Lower down are entries containing pictures. Copy exactly, without those pictures, the lines from the line with "Sólo hasta que se tiene" through the line with "الْمَسْأَلَةُ الْأُولَى-31: هَلْ".

--- Information given Enclosed Below ---

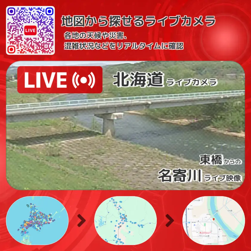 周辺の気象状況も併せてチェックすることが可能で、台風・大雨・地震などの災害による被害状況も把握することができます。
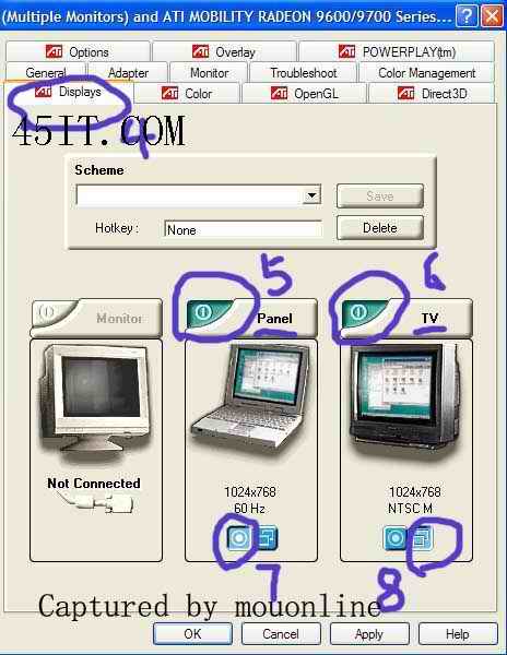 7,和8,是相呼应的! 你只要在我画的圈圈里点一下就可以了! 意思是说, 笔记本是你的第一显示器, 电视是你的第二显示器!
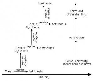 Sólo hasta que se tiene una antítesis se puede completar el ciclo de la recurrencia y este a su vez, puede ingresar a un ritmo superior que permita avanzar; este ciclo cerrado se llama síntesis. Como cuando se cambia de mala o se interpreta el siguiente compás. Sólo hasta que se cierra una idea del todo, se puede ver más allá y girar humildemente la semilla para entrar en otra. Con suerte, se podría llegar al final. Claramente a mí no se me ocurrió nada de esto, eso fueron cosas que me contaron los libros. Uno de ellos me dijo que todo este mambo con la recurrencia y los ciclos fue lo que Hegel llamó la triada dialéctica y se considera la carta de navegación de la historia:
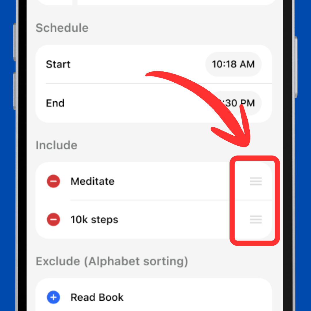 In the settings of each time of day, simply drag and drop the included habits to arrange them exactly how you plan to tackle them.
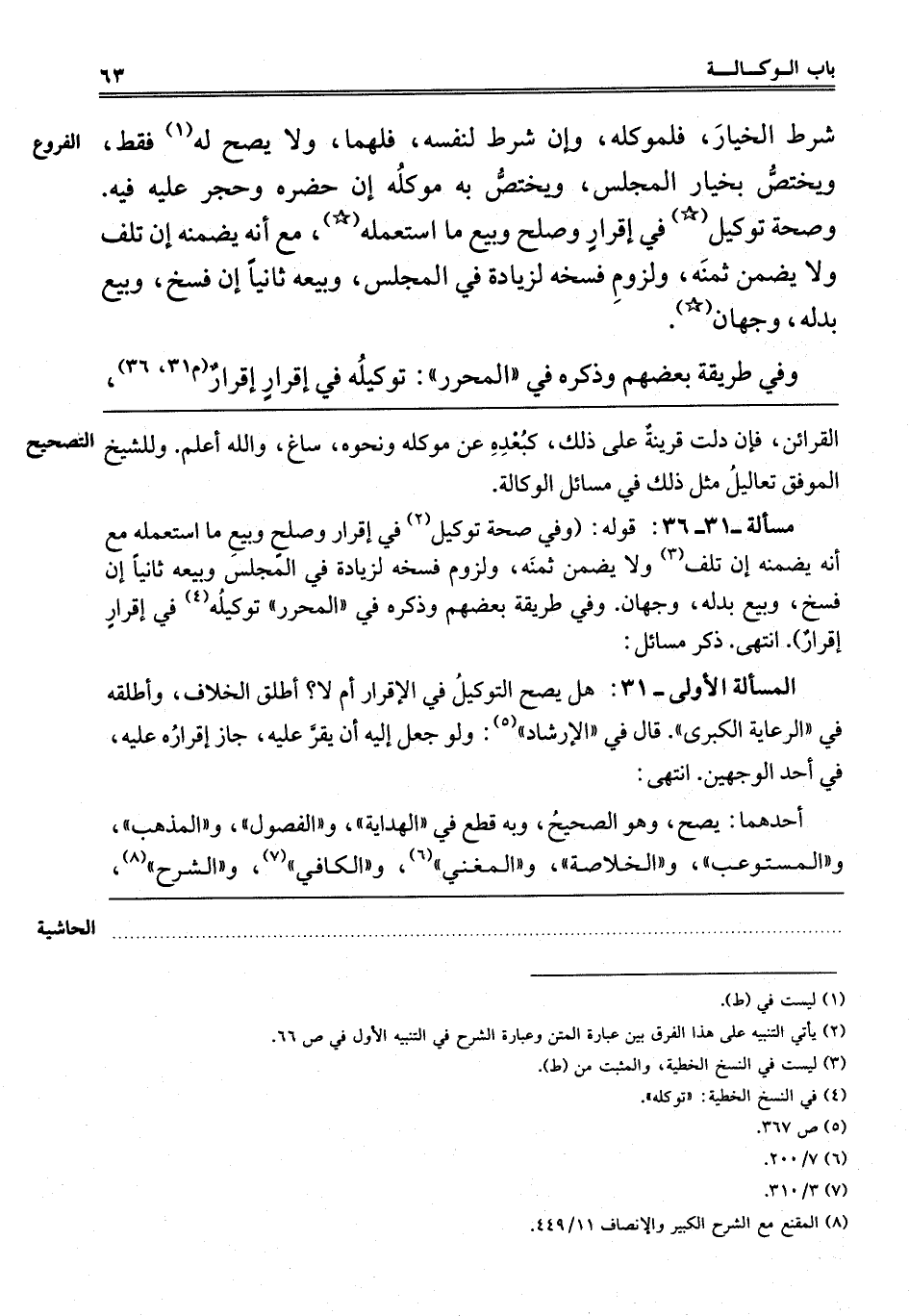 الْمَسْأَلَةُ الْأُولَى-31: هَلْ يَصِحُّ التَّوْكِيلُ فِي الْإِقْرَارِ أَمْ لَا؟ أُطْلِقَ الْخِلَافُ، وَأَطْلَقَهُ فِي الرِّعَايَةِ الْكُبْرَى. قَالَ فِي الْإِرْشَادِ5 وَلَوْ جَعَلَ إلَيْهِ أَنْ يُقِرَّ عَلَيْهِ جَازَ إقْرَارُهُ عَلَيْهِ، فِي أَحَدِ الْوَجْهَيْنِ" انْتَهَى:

--- End of Enclosed Information given ---
--- Information given Enclosed Below ---

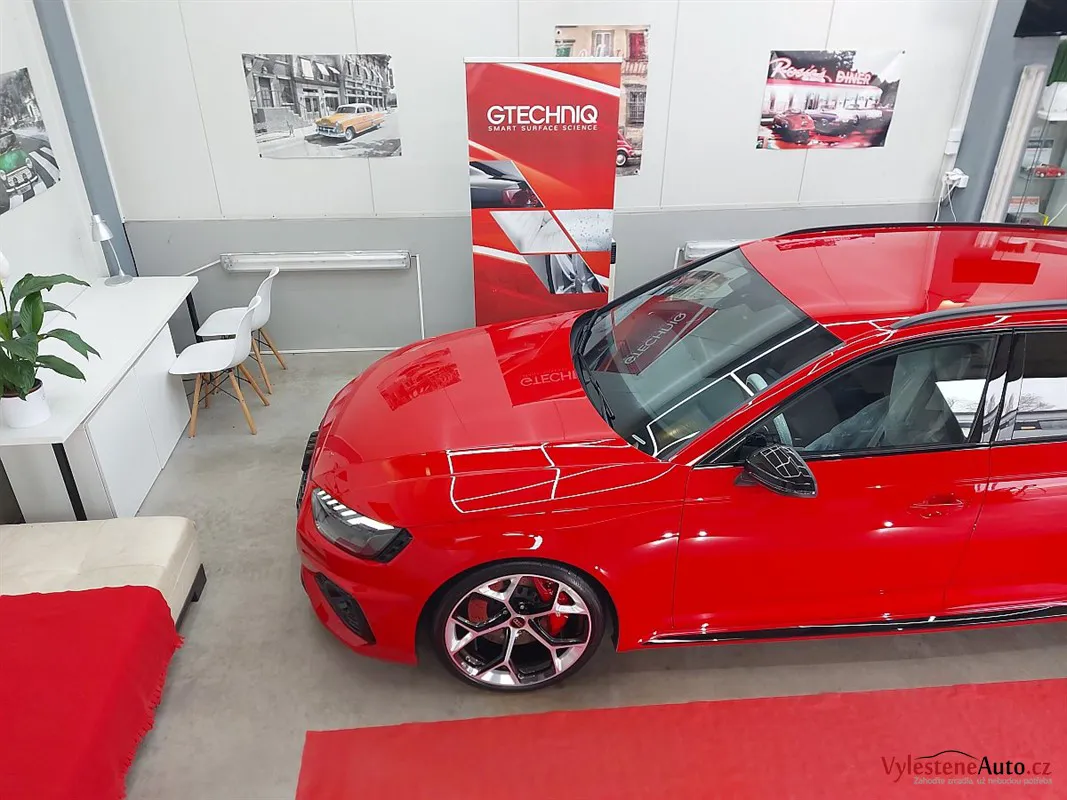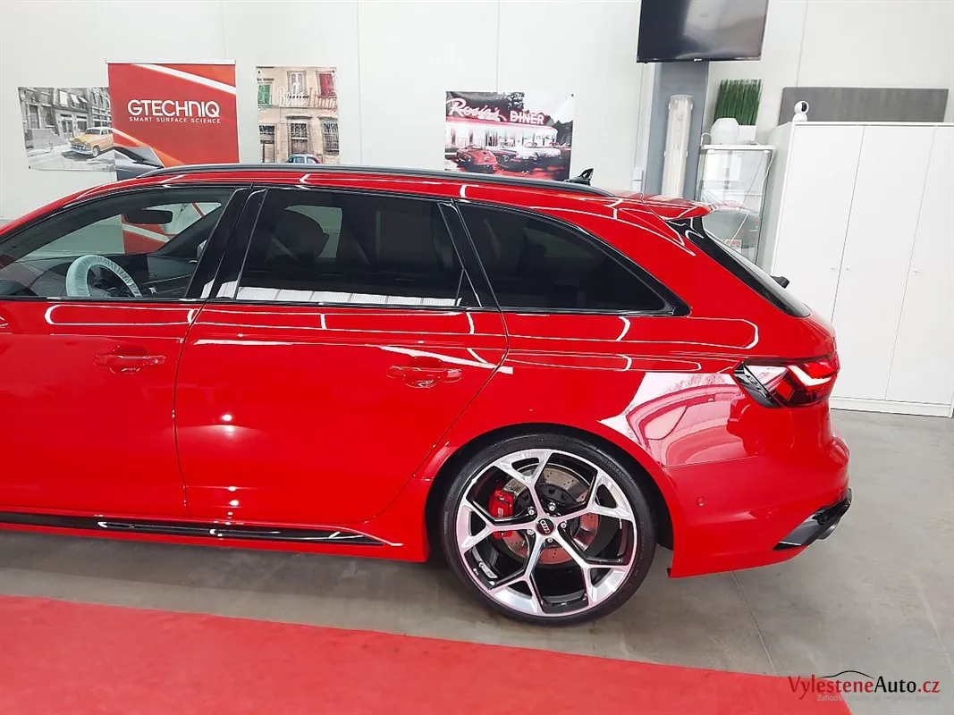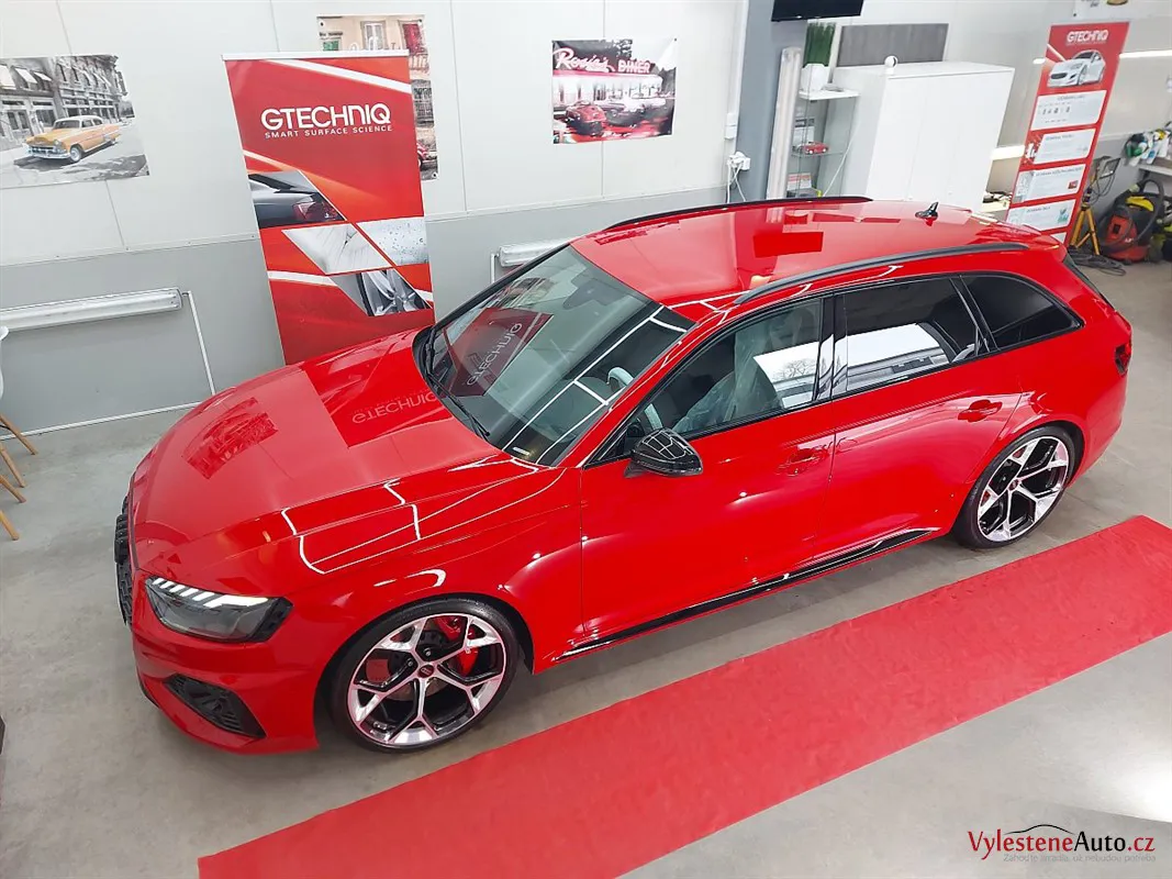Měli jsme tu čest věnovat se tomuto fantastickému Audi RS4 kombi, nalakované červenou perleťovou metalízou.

--- End of Enclosed Information given ---

* Reply:
 Sólo hasta que se tiene una antítesis se puede completar el ciclo de la recurrencia y este a su vez, puede ingresar a un ritmo superior que permita avanzar; este ciclo cerrado se llama síntesis. Como cuando se cambia de mala o se interpreta el siguiente compás. Sólo hasta que se cierra una idea del todo, se puede ver más allá y girar humildemente la semilla para entrar en otra. Con suerte, se podría llegar al final. Claramente a mí no se me ocurrió nada de esto, eso fueron cosas que me contaron los libros. Uno de ellos me dijo que todo este mambo con la recurrencia y los ciclos fue lo que Hegel llamó la triada dialéctica y se considera la carta de navegación de la historia:
 In the settings of each time of day, simply drag and drop the included habits to arrange them exactly how you plan to tackle them.
 الْمَسْأَلَةُ الْأُولَى-31: هَلْ يَصِحُّ التَّوْكِيلُ فِي الْإِقْرَارِ أَمْ لَا؟ أُطْلِقَ الْخِلَافُ، وَأَطْلَقَهُ فِي الرِّعَايَةِ الْكُبْرَى. قَالَ فِي الْإِرْشَادِ5 وَلَوْ جَعَلَ إلَيْهِ أَنْ يُقِرَّ عَلَيْهِ جَازَ إقْرَارُهُ عَلَيْهِ، فِي أَحَدِ الْوَجْهَيْنِ" انْتَهَى:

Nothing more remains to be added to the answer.